29/05/2024 (modifier)
Par Spooky
Note: 4/5
Couverture de la série Le Loup des Cordeliers
Le Loup des Cordeliers

Je savais qu'Henri Lœvenbruck avait écrit pas mal de polars historiques, mais ne les ai pas lus, et encore moins les adaptations. C'est donc en n'en sachant pas grand-chose que j'ai abordé cette nouvelle série, qui met en scène un journaliste spécialiste des chiens écrasés qui tombe par hasard sur une affaire de meurtres en série dans une ville de Paris qui s'apprête à basculer dans ce qu'on appellera par la suite la Révolution française.
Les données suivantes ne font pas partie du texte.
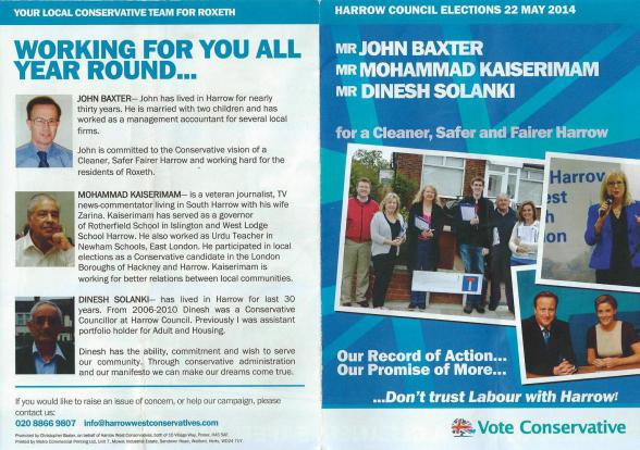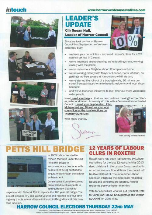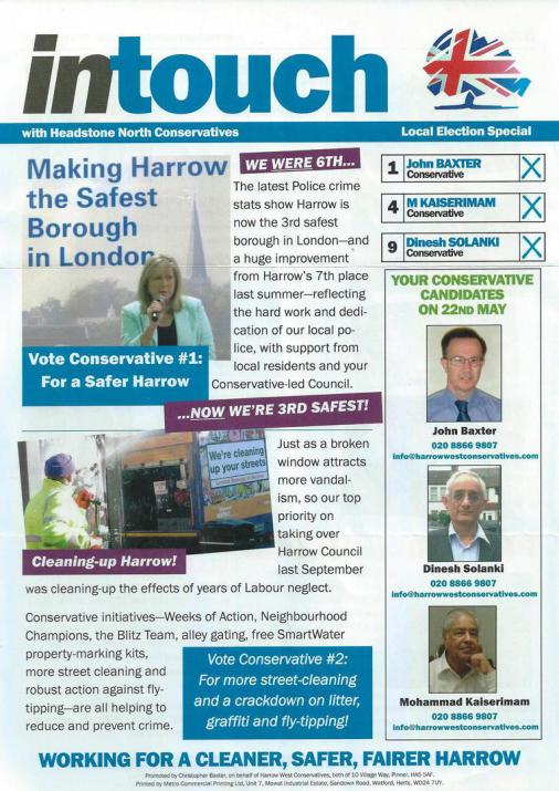 The first image shows the front and back pages. In other respects the leaflet was identical to that used by the Conservative candidates for Greenhill ward, except for appropriate changes to the candidate names.

Et je dois avouer que c'est une belle découverte. Le personnage de Gabriel Joly est intéressant, même si je trouve qu'il est presque aussi fort que Sherlock Holmes en termes de déduction. Il y a une galerie de personnages assez bien campée autour de lui, du "pirate" au commissaire en passant par l'archiviste muette. L'ambiance si particulière de l'année 1789 est plutôt prenante, l'auteur de l'œuvre originale (et son adaptateur, Philippe Thirault) combinant les séquences historiques et les scènes d'investigation, les deux trames étant peut-être liées. C'est relativement complexe, mais on arrive à ne pas perdre le fil, grâce au personnage de Gabriel, qui sert de fil rouge. Le dessin est assuré par Damien Jacob, dont c'est visiblement le premier album complet. Il fait preuve d'une belle énergie dans une mise en scène inventive. Au départ je trouvais les couleurs ternes, mais au fil des pages on s'habitue. On passe un très bon moment de lecture, je lirai la suite avec plaisir.